# Ayahuasca - The Snake and I



## Guest (Jun 20, 2010)

I've posted this before. But after watching it at least the 3rd time now, I realized it's worth sharing again. Enjoy the show!


----------



## Pablo (Sep 1, 2005)

That's a pretty interesting documentary, thanks

It looks like something I would like to try but not sure I am brave enough I might freak out


----------



## Zee Deveel (Aug 3, 2009)

My mate tried this twice.

Both times he was violently sick and didn't trip.


----------



## Pablo (Sep 1, 2005)

Zee Deveel said:


> My mate tried this twice.
> 
> Both times he was violently sick and didn't trip.


Did he go to Peru and do it properly with Shaman? Doing it in the wrong setting could cause all sorts of problems imo as is true with all serious drugs

I found it interesting what they said about salt in that documentary, that the most important part of the detox was removing all salt as none of the land animals eat salt so removing it intunes you more with the environment and enhances your senses, I wonder if a normal diet without salt would have a similar effect.


----------



## Zee Deveel (Aug 3, 2009)

Pablo said:


> Did he go to Peru and do it properly with Shaman?


HAhaha, that's about the funniest thing I've heard all day.

Obviously he didn't fly to Peru to get fucked up with a shaman, you're a joker man.


----------



## Pablo (Sep 1, 2005)

Zee Deveel said:


> HAhaha, that's about the funniest thing I've heard all day.
> 
> Obviously he didn't fly to Peru to get fucked up with a shaman, you're a joker man.


Ok... that was the whole point of the documentary


----------



## Zee Deveel (Aug 3, 2009)

Pablo said:


> Ok... that was the whole point of the documentary


Sorry mate, I didn't watch it.


----------



## sonnl (Apr 15, 2009)

Definatly very interestid in this, thanks for the bit of info.
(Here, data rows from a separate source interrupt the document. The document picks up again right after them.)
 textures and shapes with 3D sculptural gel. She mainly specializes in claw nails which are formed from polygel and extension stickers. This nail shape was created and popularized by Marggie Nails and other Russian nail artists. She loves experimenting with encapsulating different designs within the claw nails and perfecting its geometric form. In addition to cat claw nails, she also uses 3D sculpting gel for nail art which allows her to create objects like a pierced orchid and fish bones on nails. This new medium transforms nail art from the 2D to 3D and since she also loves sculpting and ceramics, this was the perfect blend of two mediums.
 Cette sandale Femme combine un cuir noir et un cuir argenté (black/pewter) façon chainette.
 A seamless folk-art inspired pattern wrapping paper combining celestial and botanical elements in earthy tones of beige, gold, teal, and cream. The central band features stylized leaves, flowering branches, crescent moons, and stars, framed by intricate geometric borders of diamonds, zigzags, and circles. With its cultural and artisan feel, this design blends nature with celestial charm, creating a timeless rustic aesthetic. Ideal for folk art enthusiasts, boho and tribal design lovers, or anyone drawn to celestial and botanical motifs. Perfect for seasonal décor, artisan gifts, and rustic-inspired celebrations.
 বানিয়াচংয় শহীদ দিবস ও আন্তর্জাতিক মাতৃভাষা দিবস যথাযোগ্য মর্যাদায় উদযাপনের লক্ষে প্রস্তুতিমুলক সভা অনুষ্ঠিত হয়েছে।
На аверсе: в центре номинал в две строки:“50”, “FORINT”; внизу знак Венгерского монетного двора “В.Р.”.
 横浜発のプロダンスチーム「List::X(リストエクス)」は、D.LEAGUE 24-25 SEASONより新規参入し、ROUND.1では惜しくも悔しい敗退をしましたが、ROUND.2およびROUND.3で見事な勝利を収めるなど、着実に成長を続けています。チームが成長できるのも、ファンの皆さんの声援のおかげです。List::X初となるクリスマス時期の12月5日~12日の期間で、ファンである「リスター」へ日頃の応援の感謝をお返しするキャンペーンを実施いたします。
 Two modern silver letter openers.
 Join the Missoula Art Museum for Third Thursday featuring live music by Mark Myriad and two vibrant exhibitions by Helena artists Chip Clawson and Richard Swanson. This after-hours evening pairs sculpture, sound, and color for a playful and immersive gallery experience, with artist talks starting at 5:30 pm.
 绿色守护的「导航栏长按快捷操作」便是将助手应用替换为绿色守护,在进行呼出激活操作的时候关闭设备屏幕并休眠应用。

Ill be doing some traveling down to south america in the next few years so ill definatly be making a note to find and try this out. Ive always been interested in Shamanistic healing, even before I had DP.


----------



## Guest (Aug 7, 2010)

After recovery it might be a good idea to go to South America and take this. It would purge all of the negativity that built up over the years of having DP. But then again, I'd be afraid of a relapse


----------



## Zee Deveel (Aug 3, 2009)

Lmao, I would say that if you recover from DP and you go to South America and take Ayahuasca ... well... uhm ... I don't even know what I would say if you did that. That's just so fucking stupid. I think I might laugh, or cry, or want to attack you. One of those.


----------



## Guest (Aug 7, 2010)

-


----------



## Guest (Aug 8, 2010)

ThoughtOnFire said:


> After recovery it might be a good idea to go to South America and take this. It would purge all of the negativity that built up over the years of having DP. But then again, I'd be afraid of a relapse


If you go then we'll go with you too. I think being off meds 1-2 years prior would be a good idea too.


----------



## Guest (Aug 8, 2010)

Roz said:


> If you go then we'll go with you too. I think being off meds 1-2 years prior would be a good idea too.


Thanks Roz


----------



## Pablo (Sep 1, 2005)

You don't have to go to South America or to the Jungle to learn shaman healing techniques, I know a genuine place that does it all online I can show you if you want which teaches courses and has a proper community etc, it's probably safer that way than using mind altering agents


----------



## Guest (Aug 8, 2010)

Pablo said:


> You don't have to go to South America or to the Jungle to learn shaman healing techniques, I know a genuine place that does it all online I can show you if you want which teaches courses and has a proper community etc, it's probably safer that way than using mind altering agents


Thanks Pablo,

Maybe when I recover I'll check it out, but that could be awhile...lol


----------



## sonnl (Apr 15, 2009)

idk if id ever want to do that, i feel like the internet cheapens something like this somehow. rather keep it old school/


----------



## Zee Deveel (Aug 3, 2009)

Ok maybe I'm totally misunderstanding this, but are you guys seriously considering going and taking a big bunch of Ayahuasca?


----------



## Guest (Aug 8, 2010)

Zee Deveel said:


> Ok maybe I'm totally misunderstanding this, but are you guys seriously considering going and taking a big bunch of Ayahuasca?


Maybe...

You should watch the video man...


----------



## Pablo (Sep 1, 2005)

Zee Deveel said:


> Ok maybe I'm totally misunderstanding this, but are you guys seriously considering going and taking a big bunch of Ayahuasca?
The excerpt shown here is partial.